-- MATERIAL TO PROCESS follows --
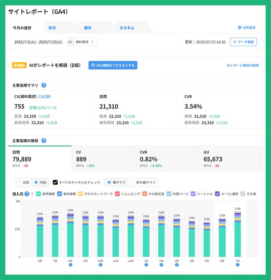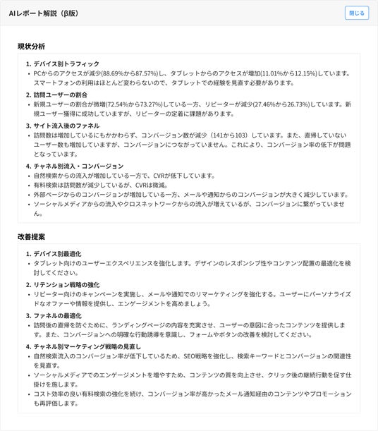 本機能は、サイトレポートに含まれる数値データをもとに、生成AIが現状のまとめと改善提案を提示します。また、単月の情報にとどまらず、前月データとの比較を含めた考察を加えることで、数値の変化に対する背景や意図を理解しやすくなっています。
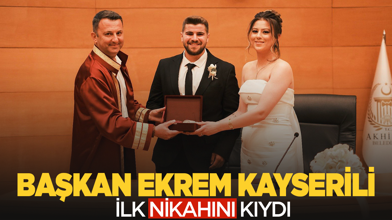 Nikah töreni, çekilen hatıra fotoğraflarıyla sona erdi. Başkan Ekrem Kayserili’nin kıydığı ilk nikâh, salondaki davetlilerden büyük alkış aldı.
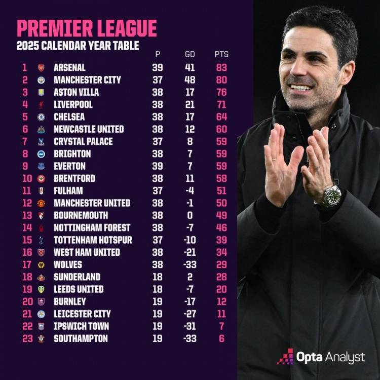 24直播网北京时间1月1日消息,2025年已经结束,Opta统计了2025年英超积分排行榜以及净胜球情况,阿森纳以83分位居榜首。目前,阿森纳多赛一场以5分优势领跑2025-26赛季积分榜。2025...
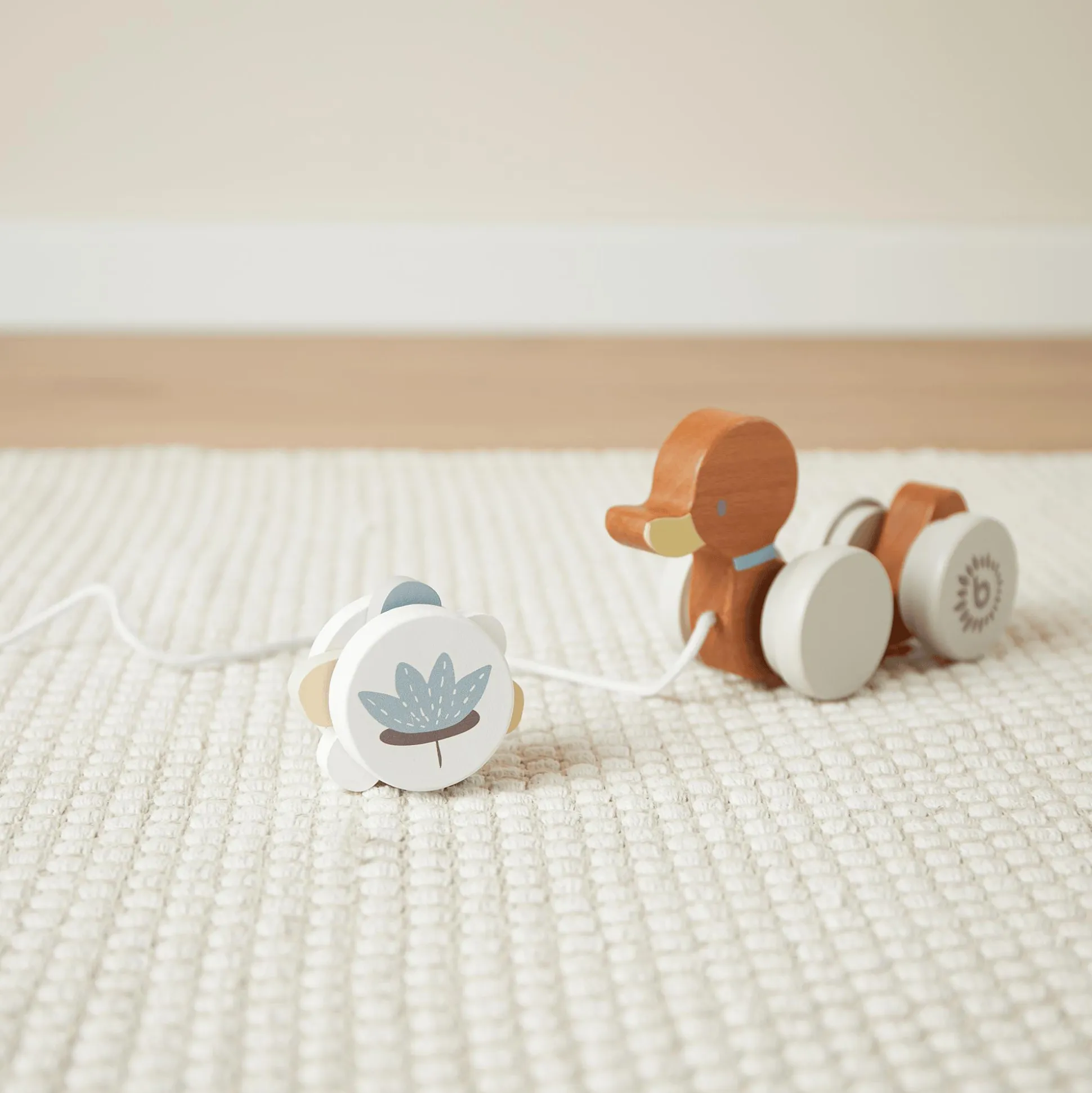 Mit der entzückenden Nachzieh-Ente von Bieco wird das Abenteuer des Laufenlernens für dein kleines Wunder zu einem echten Vergnügen! Dein kleiner Schatz kann die lange Schnur beim ersten Gehversuch fest in der Hand halten und schon rollt die Ente auf ihren vier hölzernen Rädern hinterher. Das kleine Zahnrad auf dem Rücken der Ente dreht sich mit und erzeugt dabei fröhliche Geräusche, die die Aufmerksamkeit deines Nachwuchses wecken. Außerdem kann es abgenommen und erforscht werden.
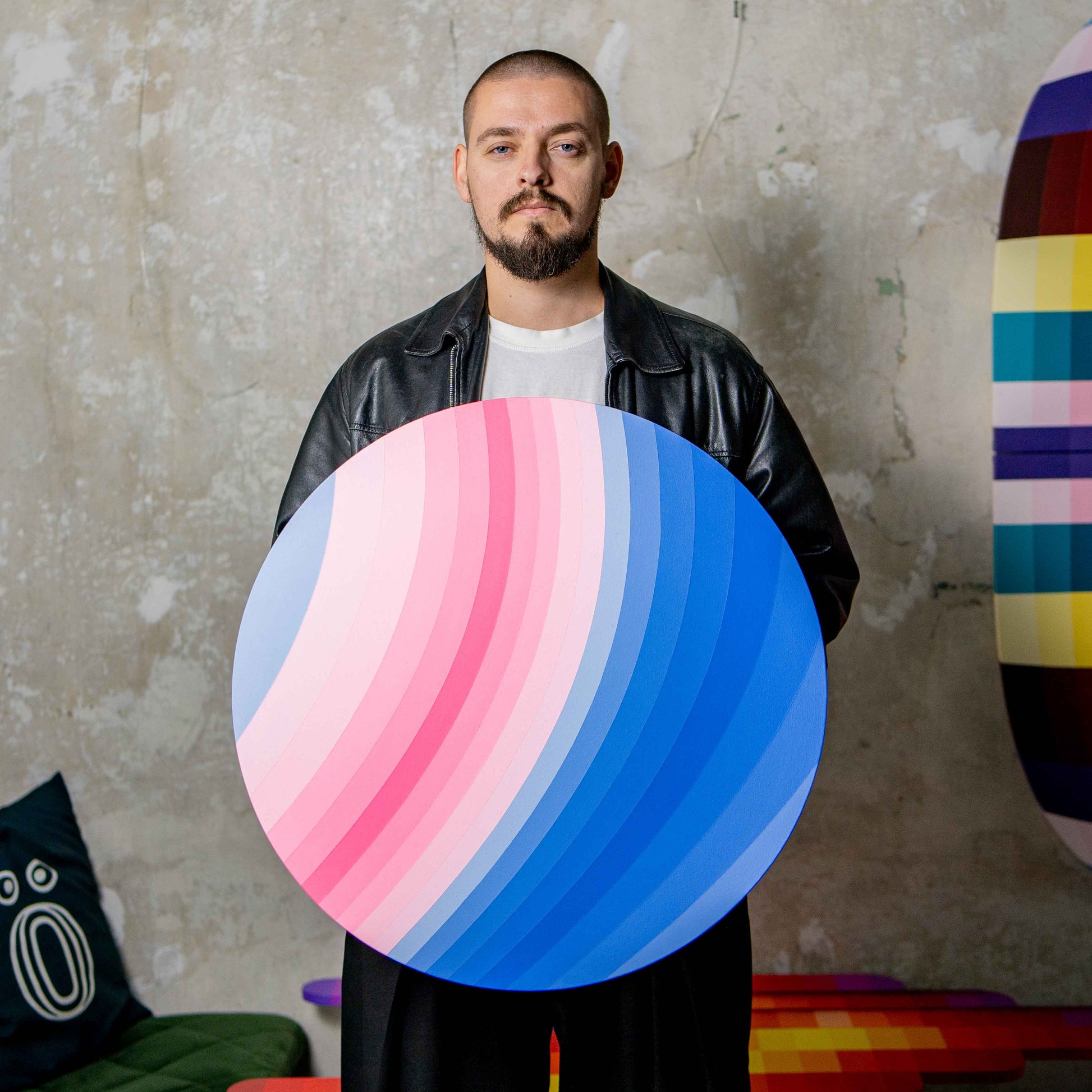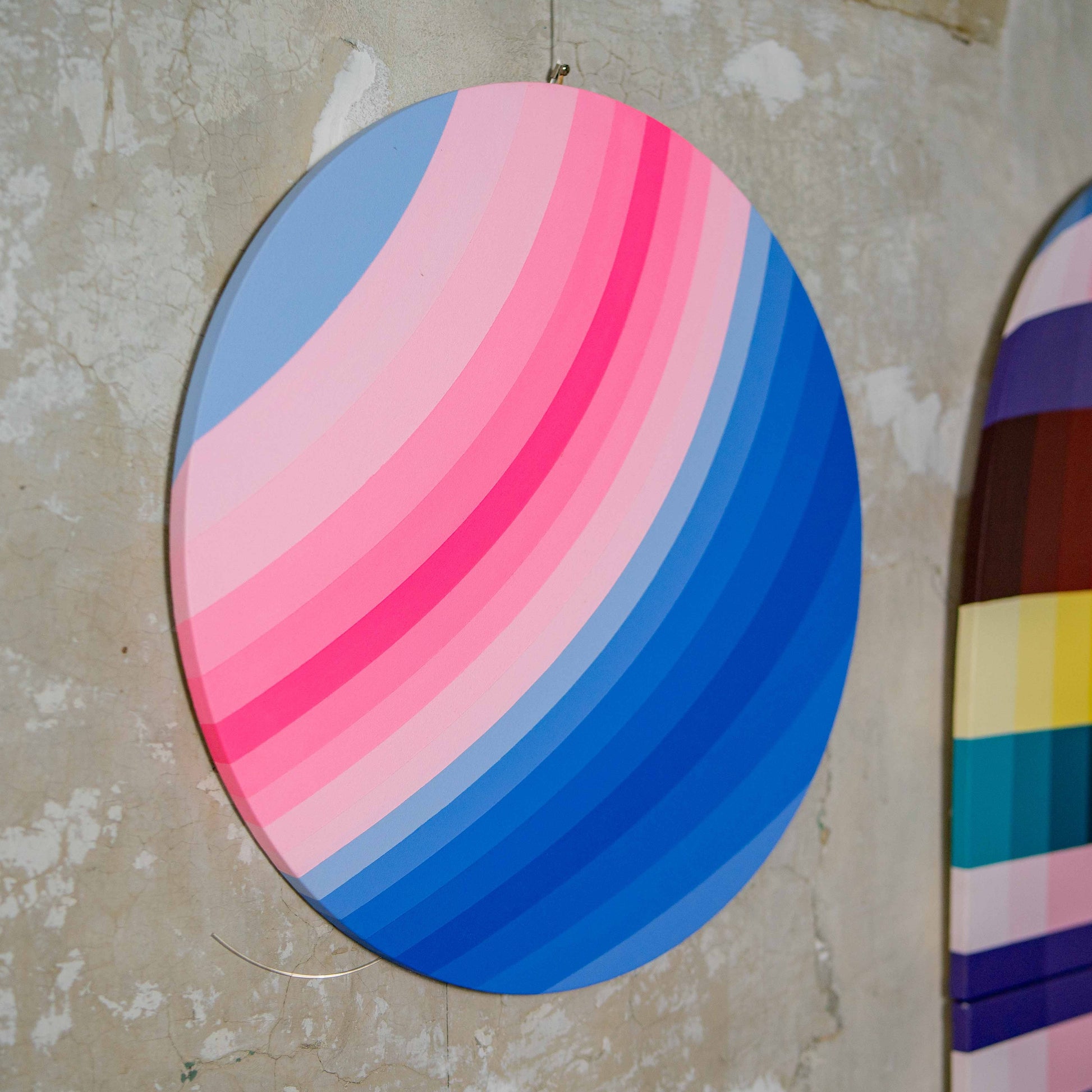 Kruhová kompozice staví na přesném rytmu barevných pásů, které se vzájemně prolínají v kontrolované gradaci. Jemný posun od studených k teplým tónům působí jako vizuální dýchání – střídání napětí a uvolnění.
-- MATERIAL TO PROCESS concluded --
■ **THE TASK**
Print the lines from the beginning of the records up to and including the line containing "Nikah töreni, çekilen", word for word, with no pictures.

■ **ANSWER SECTION**
 本機能は、サイトレポートに含まれる数値データをもとに、生成AIが現状のまとめと改善提案を提示します。また、単月の情報にとどまらず、前月データとの比較を含めた考察を加えることで、数値の変化に対する背景や意図を理解しやすくなっています。
 Nikah töreni, çekilen hatıra fotoğraflarıyla sona erdi. Başkan Ekrem Kayserili’nin kıydığı ilk nikâh, salondaki davetlilerden büyük alkış aldı.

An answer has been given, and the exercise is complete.